(Exercise materials begins)

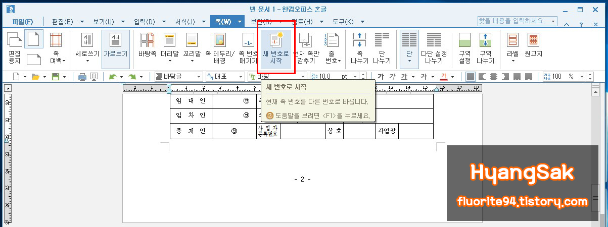 만약 내용을 이어서 새로 작성한 한글 파일에서 쪽 번호를 매겨야 한다면 1이 아닌 페이지 마지막부터 이어서 쪽 번호를 매겨야 합니다. 이런 경우 [쪽] 탭에서 [새 번호로 시작]을 클릭하시면 됩니다.
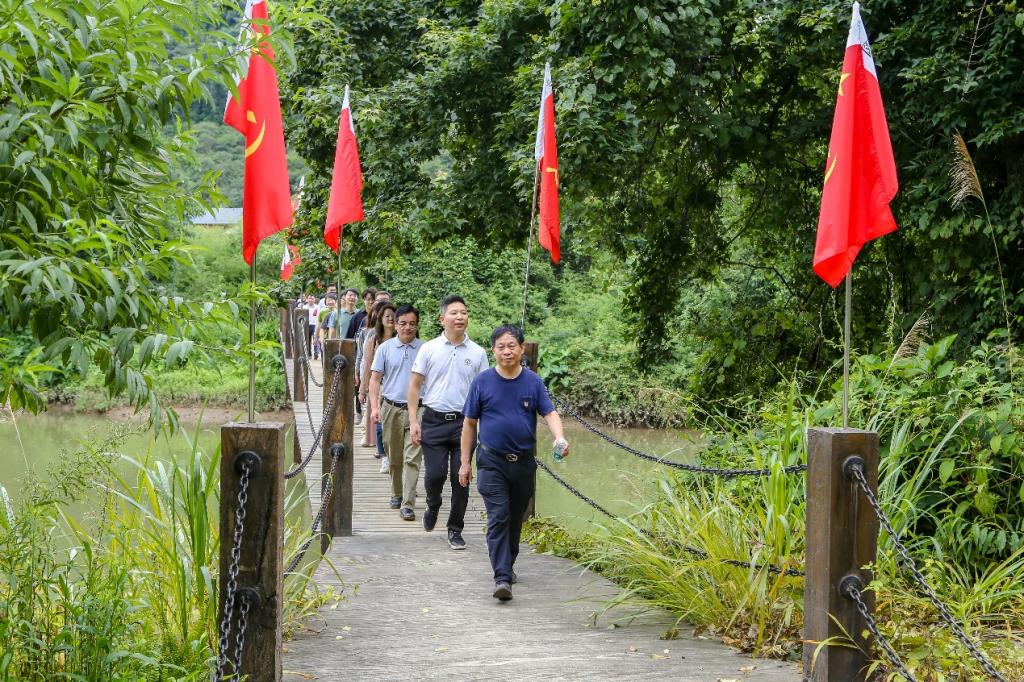 在于都,中心组(扩大)一行参观了中央红军长征出发纪念馆、长征第一渡口、中央红军长征出发纪念碑,重走了祁禄山红军长征小道,了解当年红军长征集结于都的历史背景以及于都人民支持中央红军长征夜渡贡江的巨大牺牲和付出。
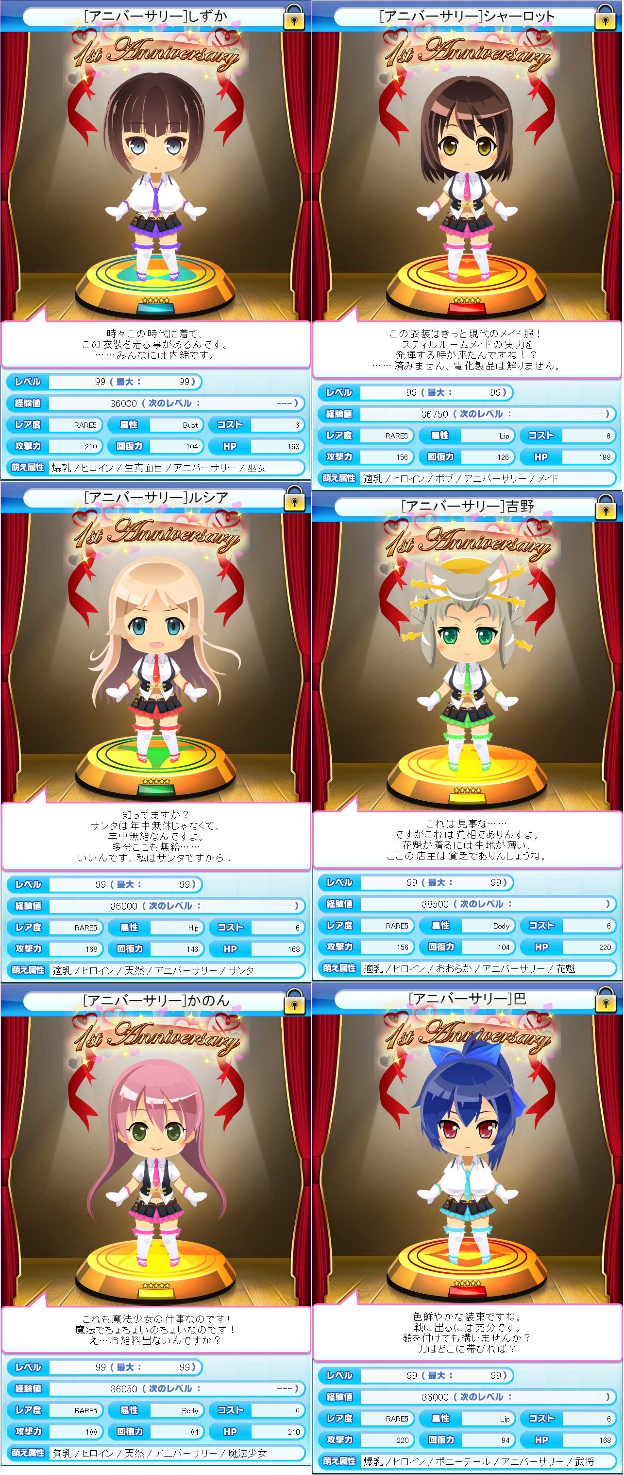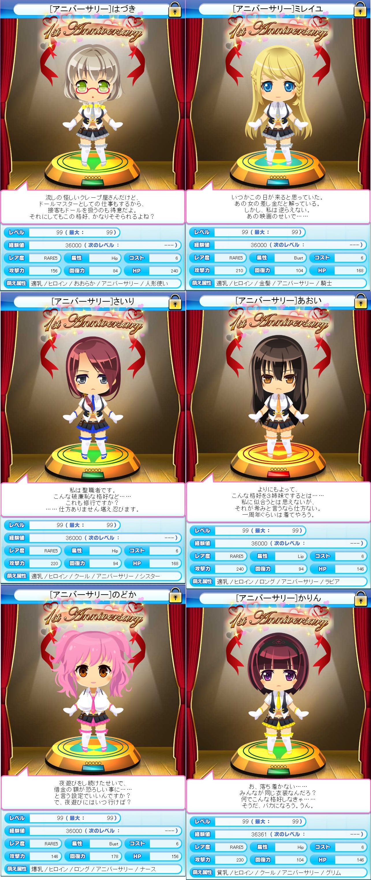 DMM版ではアニバーサリーは毎回マイナス補正かかってて全く使い物にならなかったから、今回は違うといいなぁ。 -
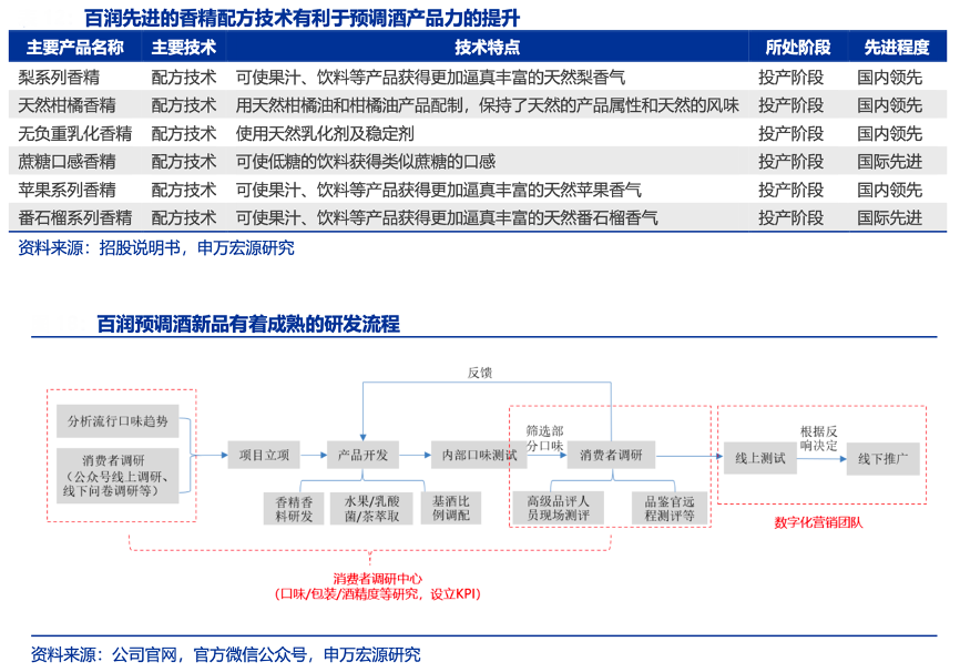 經(jīng)典案例:根據(jù)公司官網(wǎng)、官方微信公眾號(hào)、招股說(shuō)明書(shū)、申萬(wàn)宏源研究等綜合資訊表明,百潤(rùn)甜味香精實(shí)力國(guó)內(nèi)領(lǐng)先,使 RIO 與競(jìng)品相比,能夠具備更持久、更怡人、更貼合產(chǎn)品特征的香氣,給消費(fèi)者留下深刻印象。2021年其將數(shù)字化改革作為重點(diǎn),目標(biāo)是通過(guò)數(shù)字化打通新品研發(fā)、市場(chǎng)調(diào)研、營(yíng)銷活動(dòng)、渠道管理等環(huán)節(jié),建立“人、貨、場(chǎng)”的匹配。數(shù)字化改革落地后 RIO 研發(fā)效率和效果有望進(jìn)一步提升。
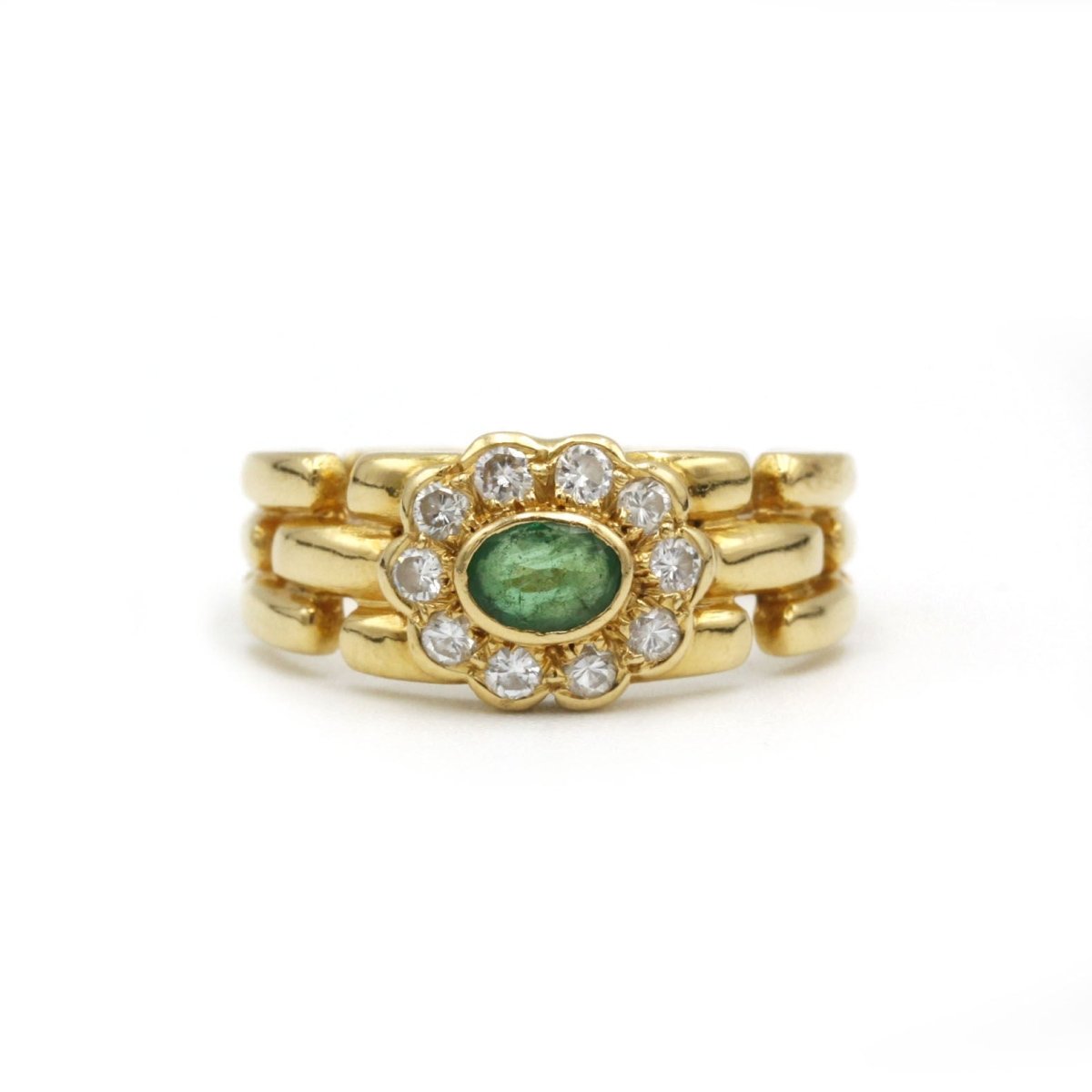 Bague rétro en or 18 carats, sertie d'une émeraude de 0,20 carat environ et de 10 diamants. Tour de doigt : 55 Mise à taille dans la limite du possible. Poids : 4,40 grs
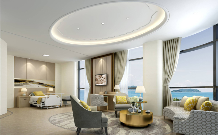 9、VIP病房不能设置过多、过大,建议以60-80㎡左右为宜。
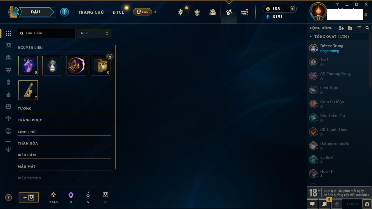 Rank Đơn: Bạch Kim IIIKhung: Bạch kimTướng: 171 - Còn 251383 THXTrang Phục: 229Rank ĐTCL: Sắt IILinh Thú: 51
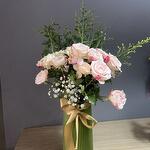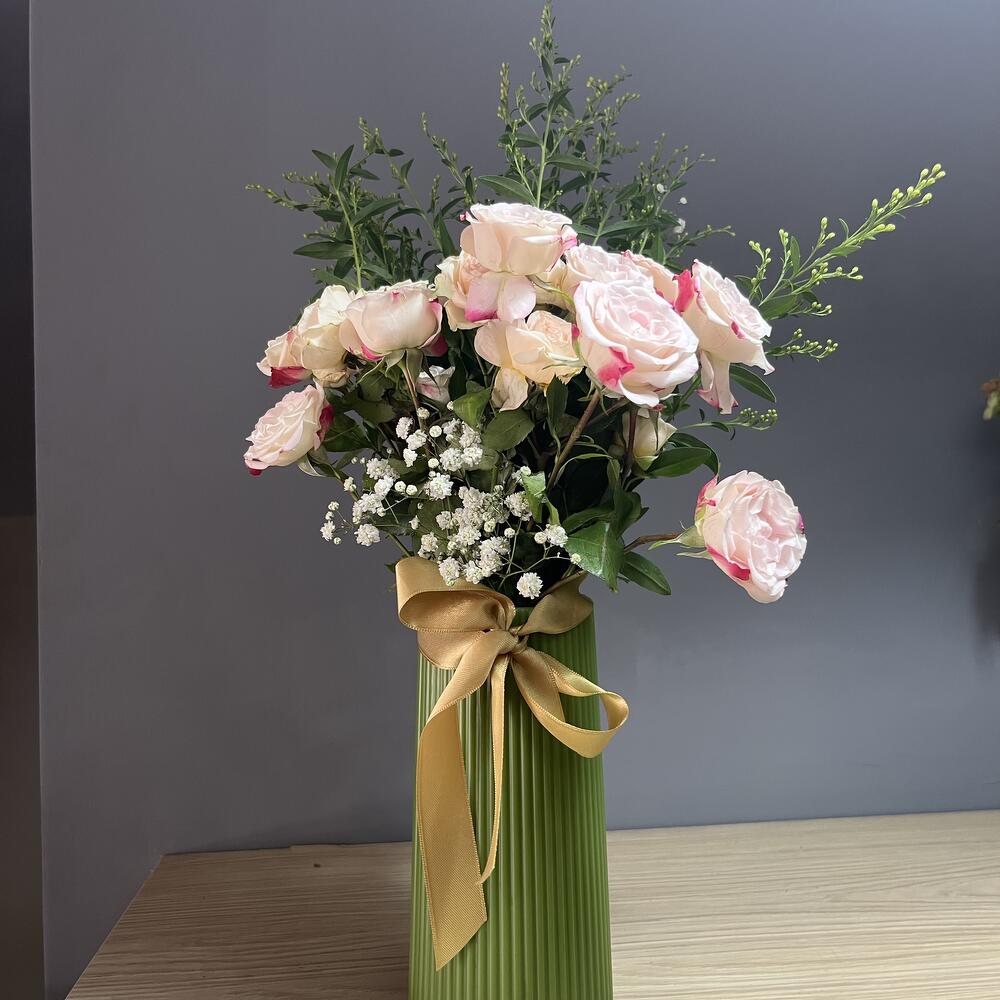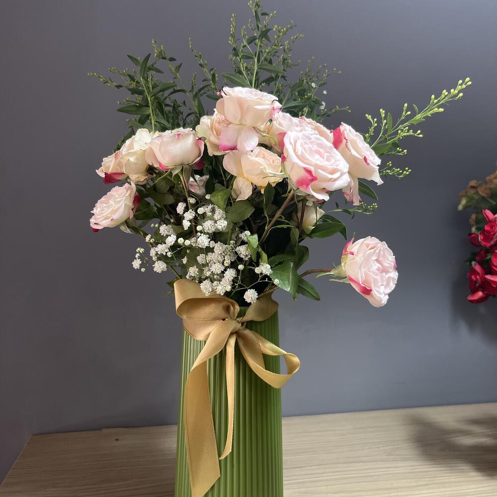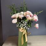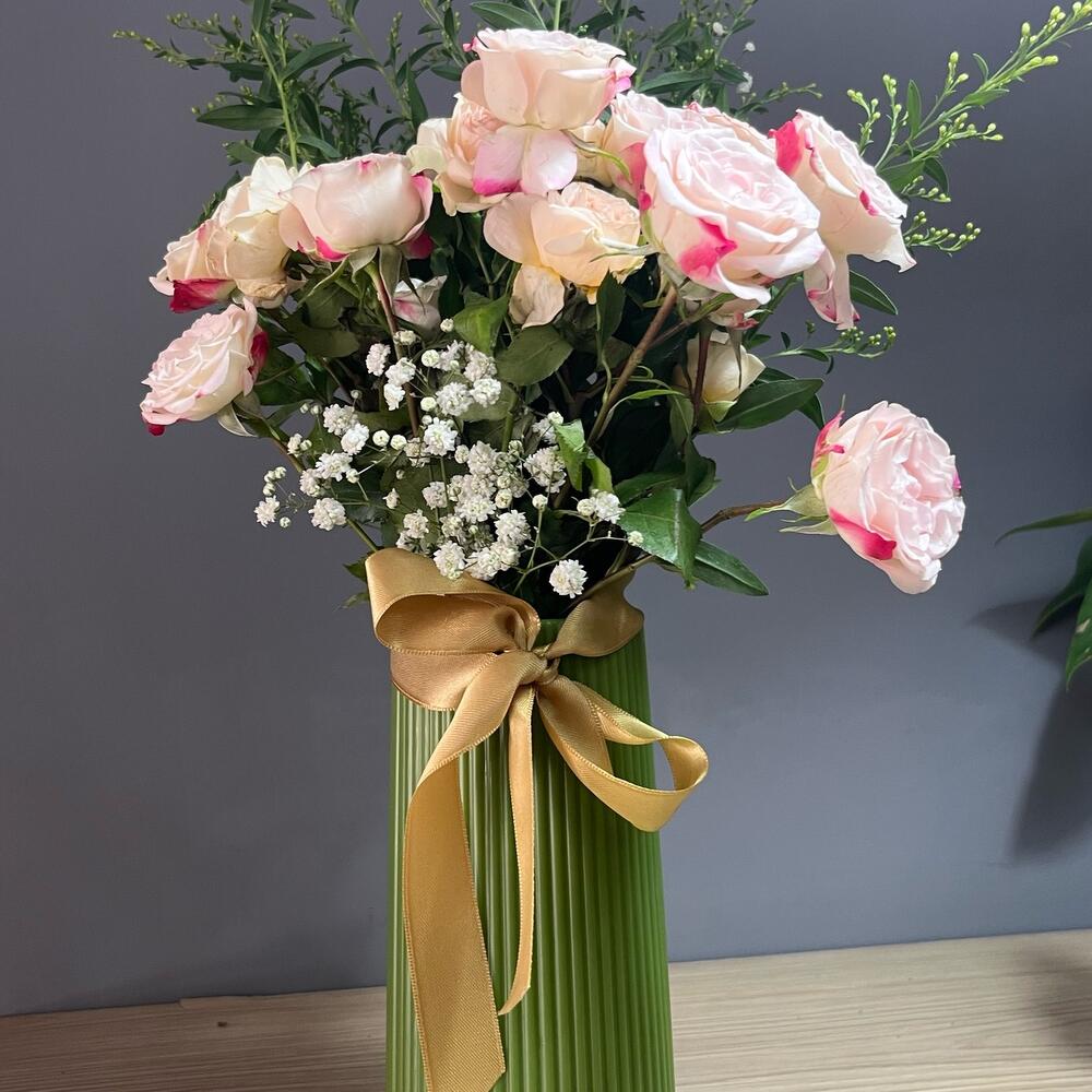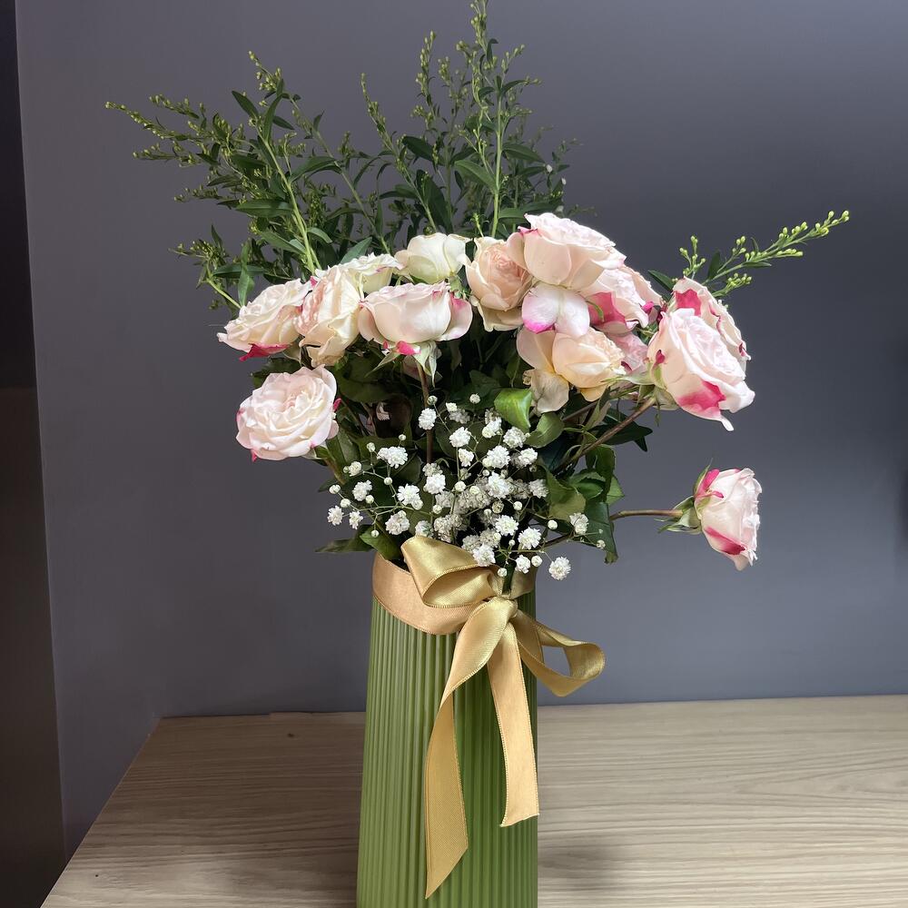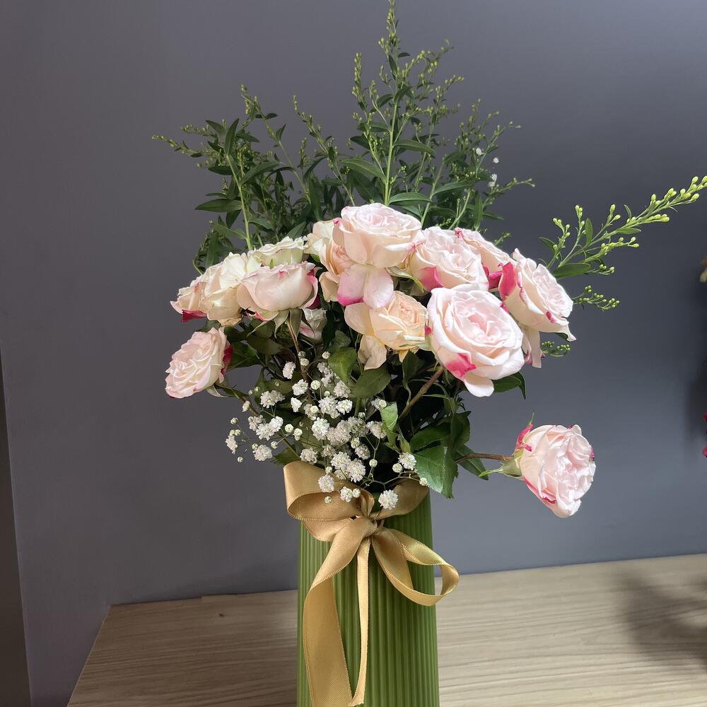 банты - 1 шт. Извините, но вы предоставили слишком мало контекста или текста, чтобы я мог определить язык или выполнить перевод. Пожалуйста, предоставьте более полный текст. - 2 шт. розовая беседка из роз - 10 шт. ваза - 1 шт. белый ципсо - 20 шт.

(Exercise materials ends)

Look above for the line with "Bague rétro en" and the line with "9、VIP病房不能设置过多、过大,建议以60-80㎡左右为宜。", then copy exactly the lines from the first through the second, both kept, with no pictures.

| Exercise solution |
 Bague rétro en or 18 carats, sertie d'une émeraude de 0,20 carat environ et de 10 diamants. Tour de doigt : 55 Mise à taille dans la limite du possible. Poids : 4,40 grs
 9、VIP病房不能设置过多、过大,建议以60-80㎡左右为宜。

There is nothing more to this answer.